2. Ocean–Sea Ice Forced Simulation
 The ocean-sea ice forced simulation is fully described by Guemas et al. . The model consists of the CNRMOM1D (Centre National de Recherches Météorologiques Ocean Model 1-dimensional) [Guemas et al., 2008] ocean model coupled with the GELATO3 (Global Experimental Leads and sea ice model for ATmosphere and Ocean) [Salas-Mélia, 2002] sea ice model used without dynamics. This ocean-sea ice model is driven by surface fluxes from the ERA40 [Uppala et al., 2004] reanalysis over the 1958–2001 period. The coupled model is run on a regular T159 grid, equivalent to a resolution of 1.125°. The ocean component uses 124 vertical levels with enhanced resolution near the sea surface (thickness of 1m). Combined with an hourly forcing, this high vertical resolution allows for a good representation of ocean turbulent processes, the main processes involved on daily timescales. For a validation of sea ice concentrations and sea surface temperatures, please refer to Guemas et al. .
3. Surface Imprint of the North Atlantic-European Weather Regimes
3.1. Four Weather Regimes
 The classification in weather regimes described by Guemas et al.  is applied here on the winter season (DJF). As given by Michelangeli et al. , the daily anomalies of ERA40 500hPa geopotential height (Z500) are classified into four clusters, which constitute the optimal partition compared to a classification performed on a multivariate noise.
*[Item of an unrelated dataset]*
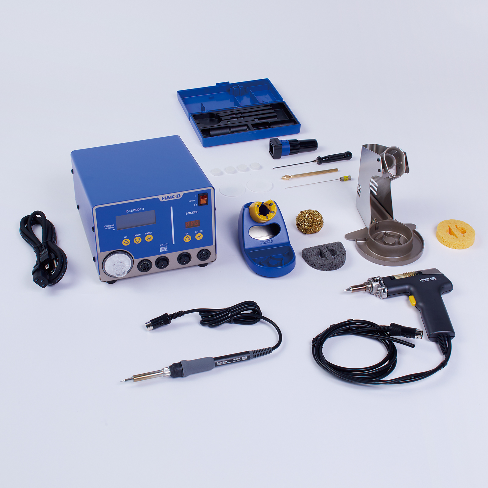 - ●本体 ●こて部 FX-8805(こて先B型付き) ●こて部 FR-4103(ノズルΦ1.0mm S型付き) ●こて台 FH-800(クリーニングスポンジ、クリーニングワイヤー付き) ●こて台 FH-410(クリーニングスポンジ付き) ●ツールボックス(クリーニングピン[ノズル1.0mm用]、クリーニングピン[ヒーター用]、クリーニングドリル[ノズルΦ1.0mm用]、ノズルレンチ、フィルター[2コ]、セラミックペーパーフィルター[4コ]) ●電源コード ●取扱説明書 ●登録書(保証書)

The first regime (Figure 1a), named Zonal regime or NAO+, consists of a dipole of anomalies with a negative centre covering the northern North Atlantic Ocean, situated north of a positive centre extending from the eastern American coast to the southern European continent. This regime corresponds to the positive phase of the NAO. The coloured areas correspond to anomalies significant to the 95% statistical significance level, according to a bootstrap test. The second regime (Figure 1b), named Blocking, displays an anomalous ridge centred over the Scandinavian Peninsula, accompanied by a trough extending southward from Baffin Bay. The third regime (Figure 1c), named NAO– (negative NAO phase), consists of a dipole of anomalies with a positive centre over the southern tip of Greenland and a negative centre over the Azores Islands. The Atlantic Ridge regime (Figure 1d) is dominated by an anticyclonic anomalous core off western Europe flanked to the northeast by a low pressure centre over the Scandinavian Peninsula.
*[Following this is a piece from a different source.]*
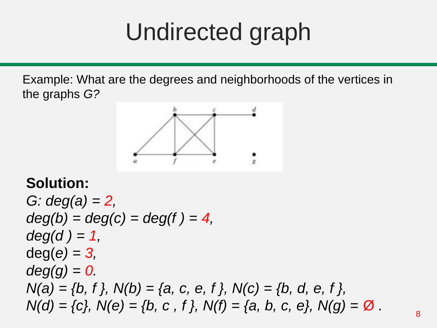 8 . Undirected graph Example: What are the degrees and neighborhoods of the vertices in the graphs G? Solution: G: deg(a) = 2, deg(b) = deg(c) = deg(f ) = 4, deg(d ) = 1, deg(e) = 3, deg(g) = 0. N(a) = {b, f }, N(b) = {a, c, e, f }, N(c) = {b, d, e, f }, N(d) = {c}, N(e) = {b, c , f }, N(f) = {a, b, c, e}, N(g) = Ø . 8

3.2. SST and Sea Ice Anomalies Associated With Each Weather Regime
 The patterns of simulated SST and sea ice concentration anomalies associated with each weather regime are built as composites of the days for which the ERA40 Z500 is classified as pertaining to this weather regime. The winter weather regimes (Figure 1) over the NAE (20°N-80°N, 80°W-40°E) region resemble the summer ones [see Guemas et al., 2008, Figure 4], with geopotential anomalies about twice as large in winter. The Blocking, NAO- and Atlantic Ridge regimes are present in both seasons and the summer Atlantic Low regime resembles the winter Zonal regime. The patterns of SST anomalies associated with each winter weather regime are also similar to those associated with the corresponding summer regimes, apart from minor shifts in the location of the centres (not shown).These patterns and the mechanisms explaining these anomalies will not be discussed here. For more details, please refer to Guemas et al. . However, the amplitude of the winter SST anomalies is about half the summer one. This can be explained by the fact that equivalent total heat flux anomalies are associated with each regime for both seasons, but act on a deeper mean mixed layer depth in winter. Since the resulting amplitude of the SST anomalies are smaller in winter than in summer and the Z500 anomalies are larger, the SST anomaly patterns are expected to produce a much weaker feedback onto the atmosphere in winter.
 However, sea ice cover reaches a larger extent in winter than in summer and sea ice concentration anomalies of about 10% (Figure 2) can be produced on a timescale of a weather regime episode, as confirmed by lagged composites (not shown). These anomalies are only driven by changes in surface heat fluxes since the GELATO3 sea ice model is run without dynamics. Given the large albedo and the insulating effect of sea ice cover, these sea ice concentration anomalies can have large impacts on the diabatic heating of the atmosphere. Hence, although the SST anomalies forced by each weather regime are much weaker in winter than in summer, the sea ice concentration anomalies may play a key role in the feedback onto the atmosphere.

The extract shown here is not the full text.